*** Opening of Records to process ***

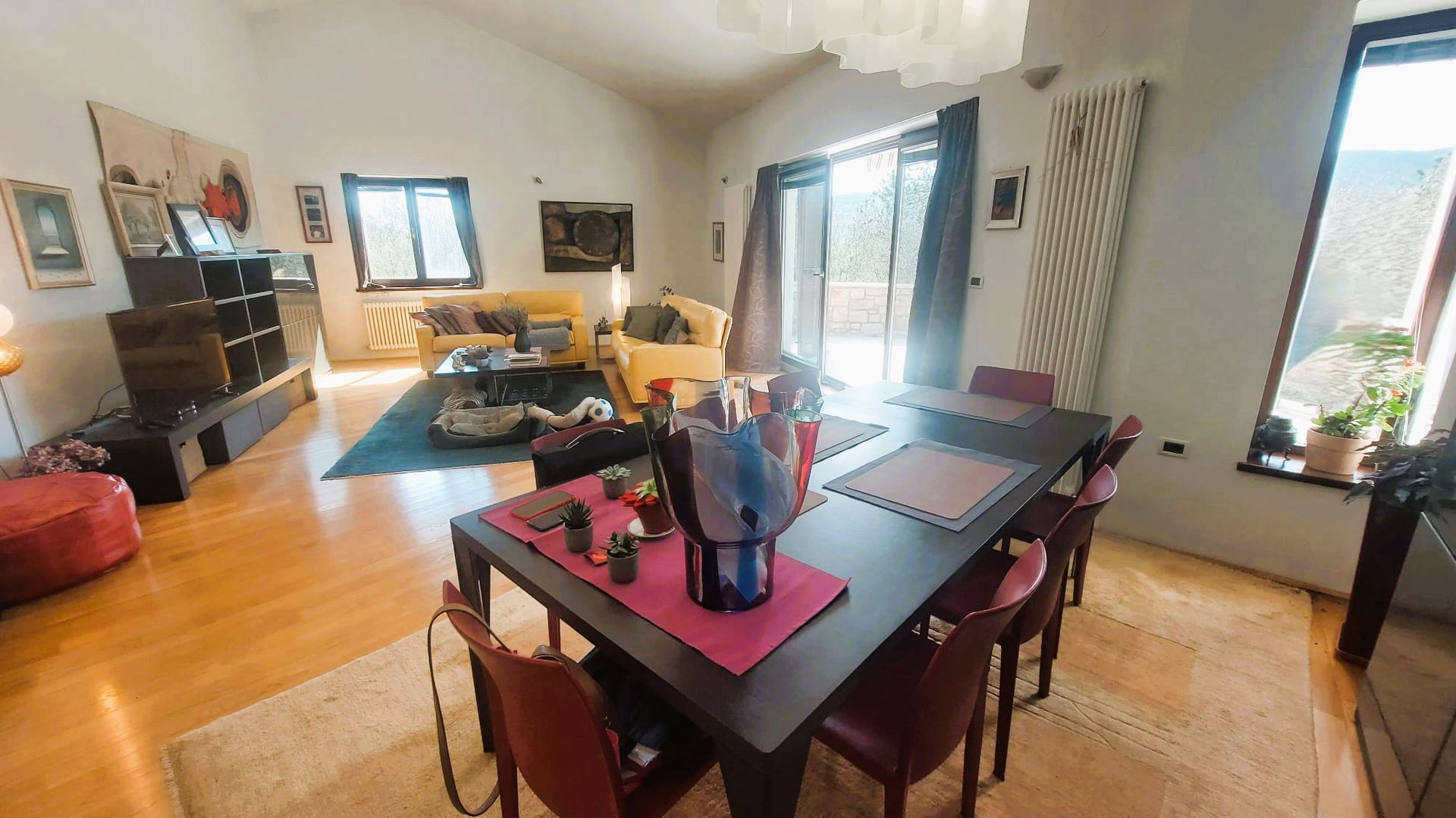 - Prostoren in svetel dnevni prostor z jedilnico in z izhodom na teraso in na lepo urejen vrt,
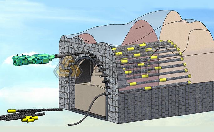 自鉆式管棚由中空錨桿體、連接套和鉆頭組成,可實現(xiàn)鉆進+注漿兩道工序一次完成。自鉆式管棚無需使用套管鉆孔,可替代常規(guī)管棚用于各種易塌孔地質(zhì),其常見規(guī)格有R51、T76、T103等。
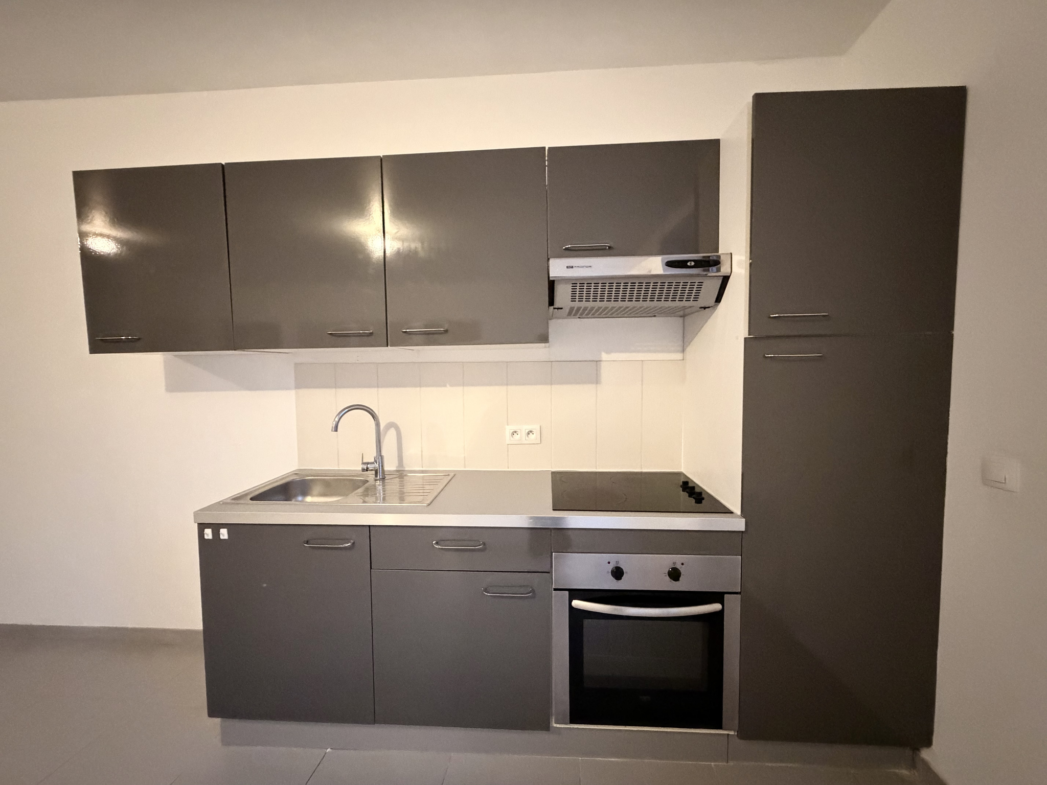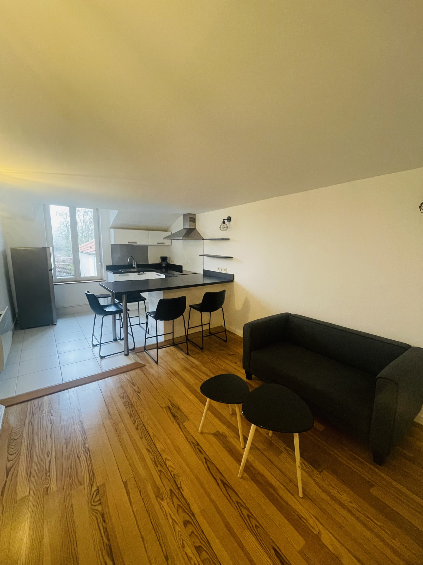 Appartement F2 meublé situé Rue de Nancy à Champigneulles, composé d'une entrée avec dressing, un salon avec cuisine équipée (four, plaque de cuisson, hotte et frigo), une chambre et une salle de bains avec machine à laver.
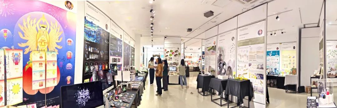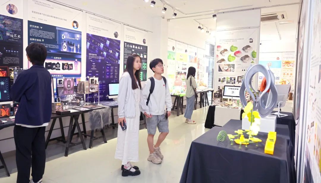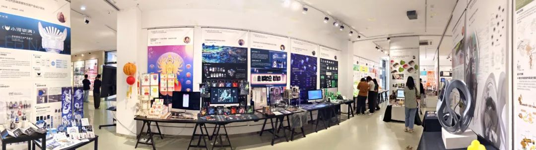 展览现场全景此次毕业作品展览作品来自2024届的169名专业硕士毕业生,分别来自工业设计与产品战略、交互与体验设计、视觉传达设计、环境艺术设计、公共艺术设计、数字媒体艺术、服装设计艺术方向。
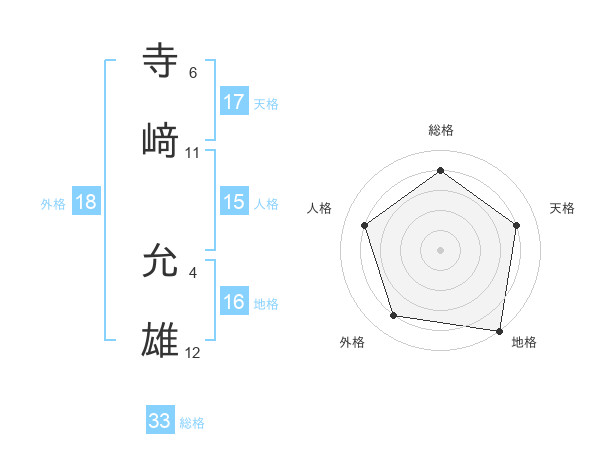 寺﨑 允雄さんの総格は33画の4点!
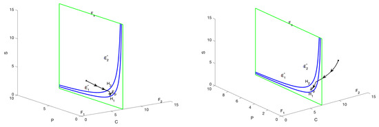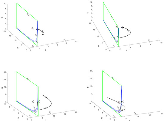 When and are virtual equilibria, then and . stabilizes at . Figure 5 shows the possible trajectories: A trajectory whose initial condition lies in the region will converge to as ; a trajectory that starts in the region will pass through the manifold and then into the region, finally converging to ; a trajectory whose initial condition lies in the region will hit and slide downward on and then converge to . When , and are virtual equilibria. According to the calculation, . As increases, System (5) will exhibit a bifurcation of periodic solutions with the bifurcation of regular equilibria around , as shown in Figure 6.

*** Close of Records to process ***

• [Task instructions]:
Although the records contain pictures, restate them word for word with those pictures left out.

• [Task result]:
 - Prostoren in svetel dnevni prostor z jedilnico in z izhodom na teraso in na lepo urejen vrt,
 自鉆式管棚由中空錨桿體、連接套和鉆頭組成,可實現(xiàn)鉆進+注漿兩道工序一次完成。自鉆式管棚無需使用套管鉆孔,可替代常規(guī)管棚用于各種易塌孔地質(zhì),其常見規(guī)格有R51、T76、T103等。
 Appartement F2 meublé situé Rue de Nancy à Champigneulles, composé d'une entrée avec dressing, un salon avec cuisine équipée (four, plaque de cuisson, hotte et frigo), une chambre et une salle de bains avec machine à laver.
 展览现场全景此次毕业作品展览作品来自2024届的169名专业硕士毕业生,分别来自工业设计与产品战略、交互与体验设计、视觉传达设计、环境艺术设计、公共艺术设计、数字媒体艺术、服装设计艺术方向。
 寺﨑 允雄さんの総格は33画の4点!
 When and are virtual equilibria, then and . stabilizes at . Figure 5 shows the possible trajectories: A trajectory whose initial condition lies in the region will converge to as ; a trajectory that starts in the region will pass through the manifold and then into the region, finally converging to ; a trajectory whose initial condition lies in the region will hit and slide downward on and then converge to . When , and are virtual equilibria. According to the calculation, . As increases, System (5) will exhibit a bifurcation of periodic solutions with the bifurcation of regular equilibria around , as shown in Figure 6.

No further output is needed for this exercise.